* _Problem details_
Taking only the lines of the data below from the line with "Cosmo is characterised" to the line with "This Spray has", ends included, write them out exactly and without pictures.

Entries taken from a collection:
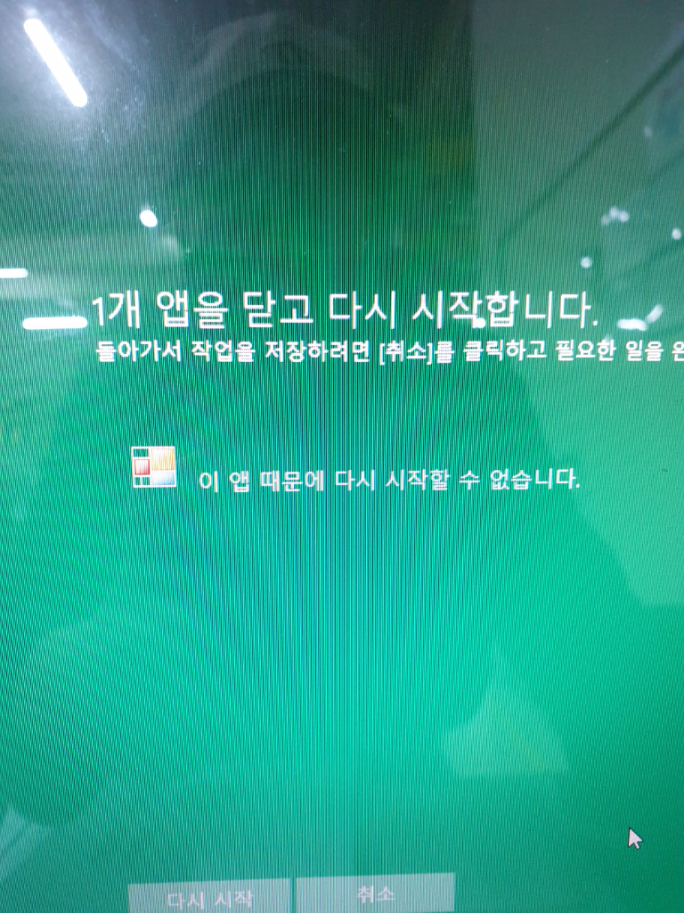 PC를 재부팅 하려고 하면 아래의 앱 문제로 다시 시작이 안된다고 합니다
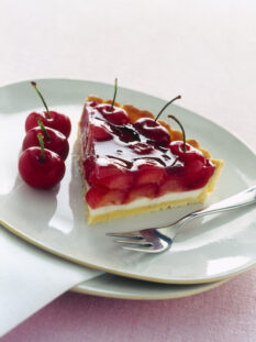 Torta con bavarese di yogurt e ciliegie
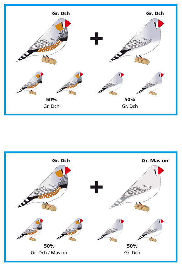 Una delle caratteristiche principali di questa mutazione è l’evidente stacco di colore fra testa e dorso richiesto dallo standard, per aumentare questo stacco spesso i grigio dorso chiaro vengono tagliati con dei grigio mascherato occhio nero, se si possiedono sogetti con buone caratteristiche si possono accoppiare in purezza.
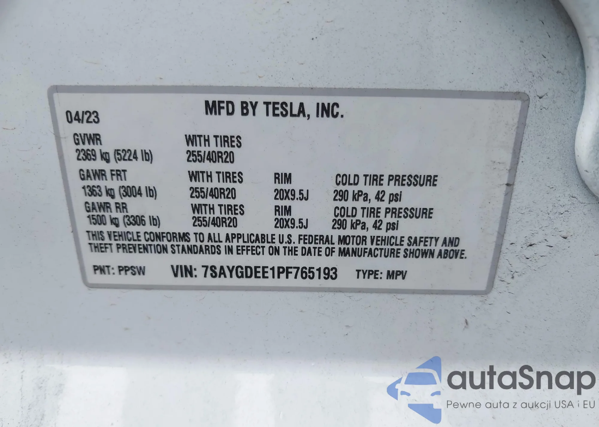 VIN: 7SAYGDEE1PF765193
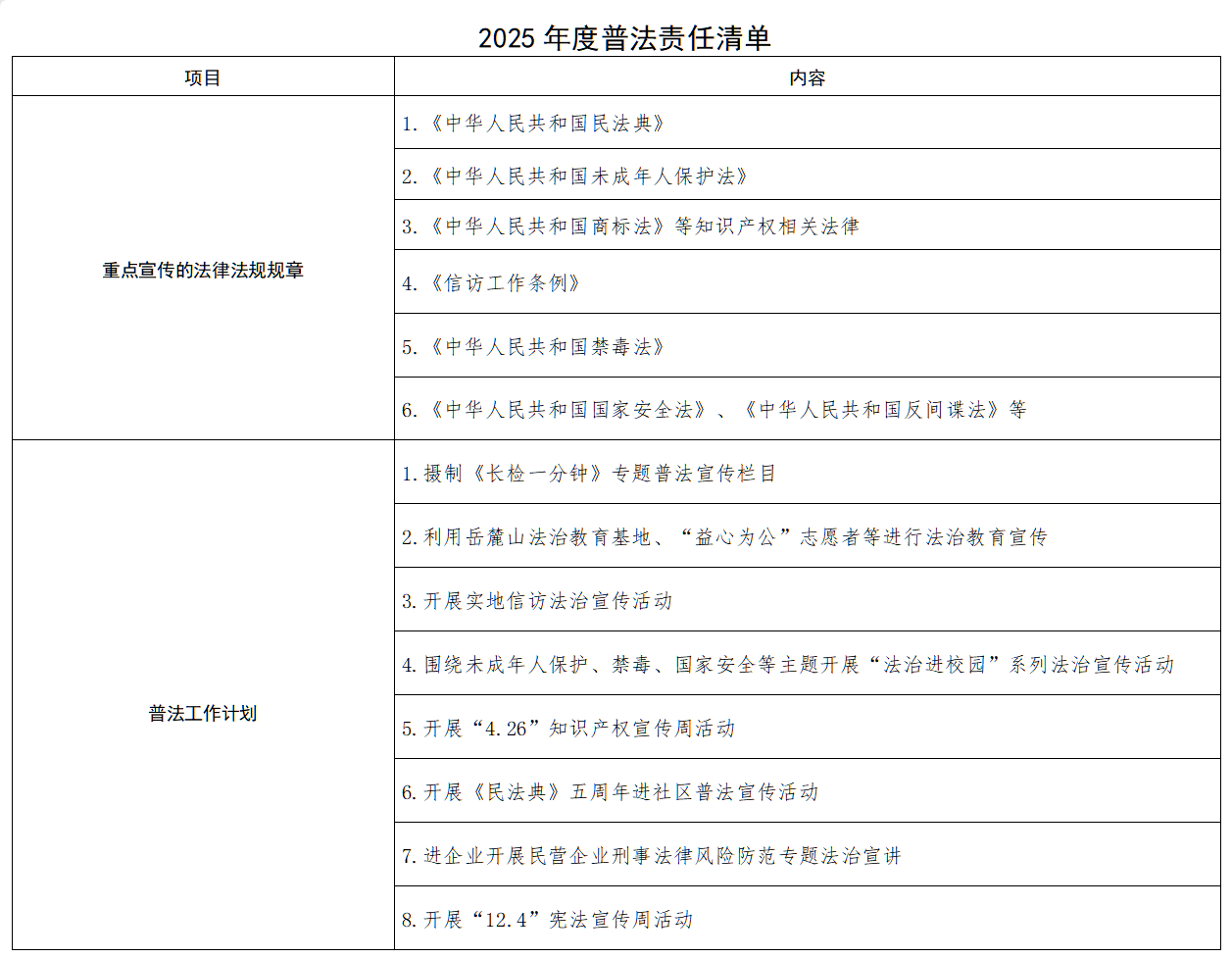 长沙国产直播 2025年度“谁执法谁普法”任务清单
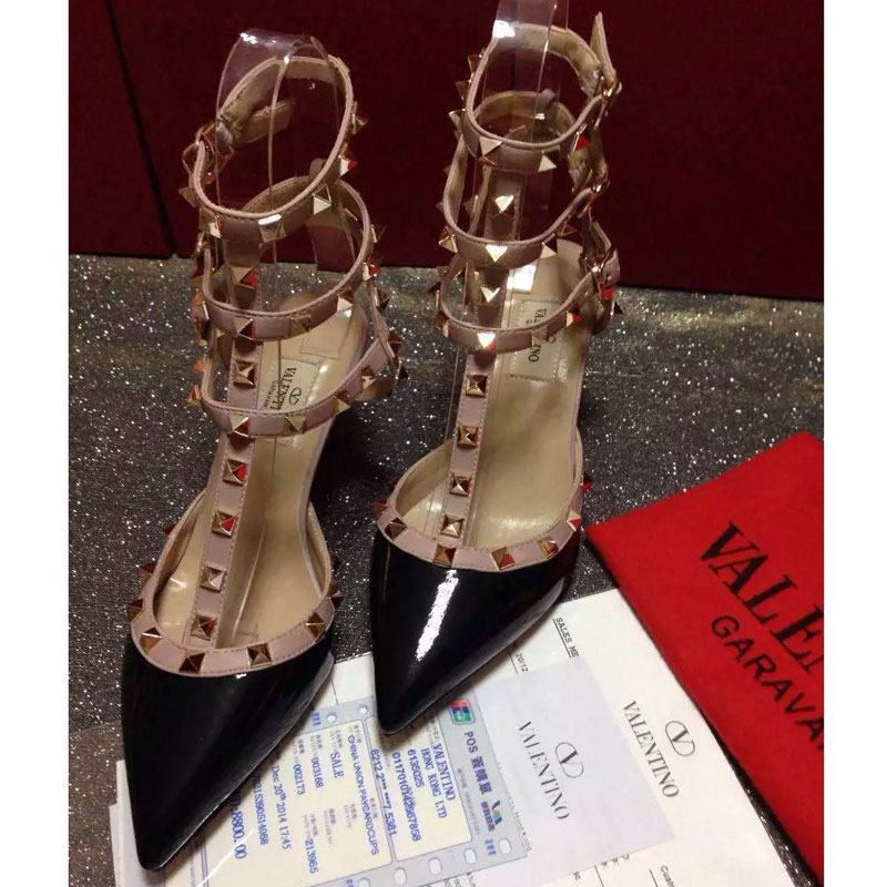 2016 Valentino women shoes in patent leather with Rivet Heel Height 6.5cm
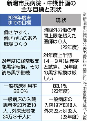 新潟市民病院は中期計画で、24年度の延べ患者数が前年度より6千人程度増加することを見込んだ。
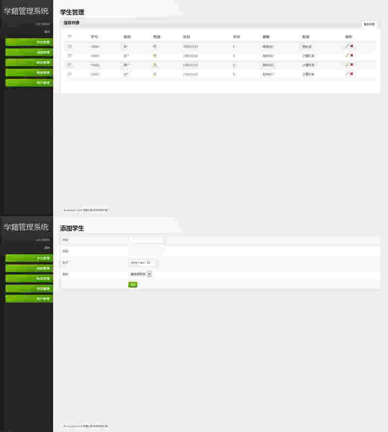 thinkphp学籍管理系统源码,基于thinkphp3.2框架开发的教学管理系统后台程序,毕业设计的作品,通过了指导老师的实践考核。 自带数据库文件,模板分离易维护,适合二次开发。
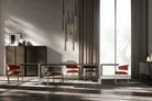 Cosmo is characterised by the combination of flat elements placed together to form a composition of great formal simplicity and, at the same time, rigorous elegance. The wood and marble elements, juxtaposed with each other in different sizes and thicknesses, give life to horizontal and vertical geometries in which the detail of the overlaps and mismatches creates timeless tables, desks and consoles.
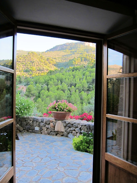 I’ve arrived at Finca Hermosa outside of the town of Sóller, on the island of Mallorca, where we’ll be staying with friends for a week. I am mesmerized by the lovely views from my room, the dramatic Serra de Tramuntana mountains encircle the villa, the hills are covered with mix of olive trees, carob trees and brush.
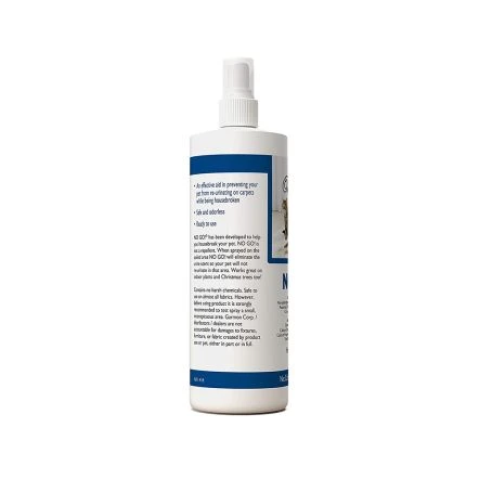 This Spray has been developed to help you housebreak your pet. No Go! is not a repellent. When sprayed on the soiled area, No Go! will eliminate the urine scent so your pet will not re-urinate in that area. Works great on indoor plants and Christmas Trees too! No Go! contains no harsh chemicals. Safe to use on almost all fabrics, however, before using product test on small inconspicuous area of surface.
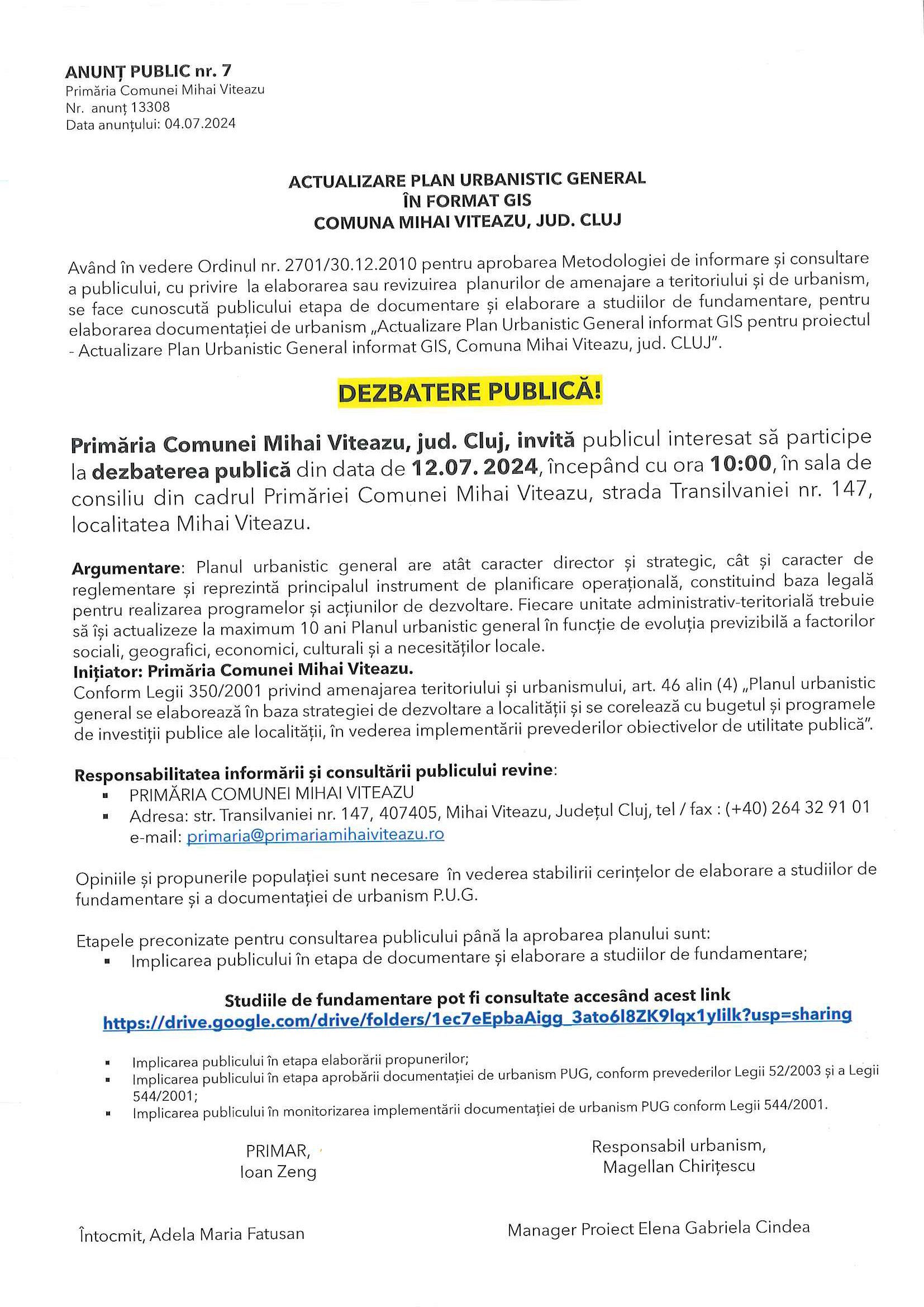📣📣📣Primăria Comunei Mihai Viteazu, jud. Cluj, invită toate persoanele interesate să participe la dezbaterea publică din data de 12.07.2024, începând cu ora 10:00, sala de consiliu din cadrul Primăriei Comunei Mihai Viteazu, județul Cluj.

* _Response area_
 Cosmo is characterised by the combination of flat elements placed together to form a composition of great formal simplicity and, at the same time, rigorous elegance. The wood and marble elements, juxtaposed with each other in different sizes and thicknesses, give life to horizontal and vertical geometries in which the detail of the overlaps and mismatches creates timeless tables, desks and consoles.
 I’ve arrived at Finca Hermosa outside of the town of Sóller, on the island of Mallorca, where we’ll be staying with friends for a week. I am mesmerized by the lovely views from my room, the dramatic Serra de Tramuntana mountains encircle the villa, the hills are covered with mix of olive trees, carob trees and brush.
 This Spray has been developed to help you housebreak your pet. No Go! is not a repellent. When sprayed on the soiled area, No Go! will eliminate the urine scent so your pet will not re-urinate in that area. Works great on indoor plants and Christmas Trees too! No Go! contains no harsh chemicals. Safe to use on almost all fabrics, however, before using product test on small inconspicuous area of surface.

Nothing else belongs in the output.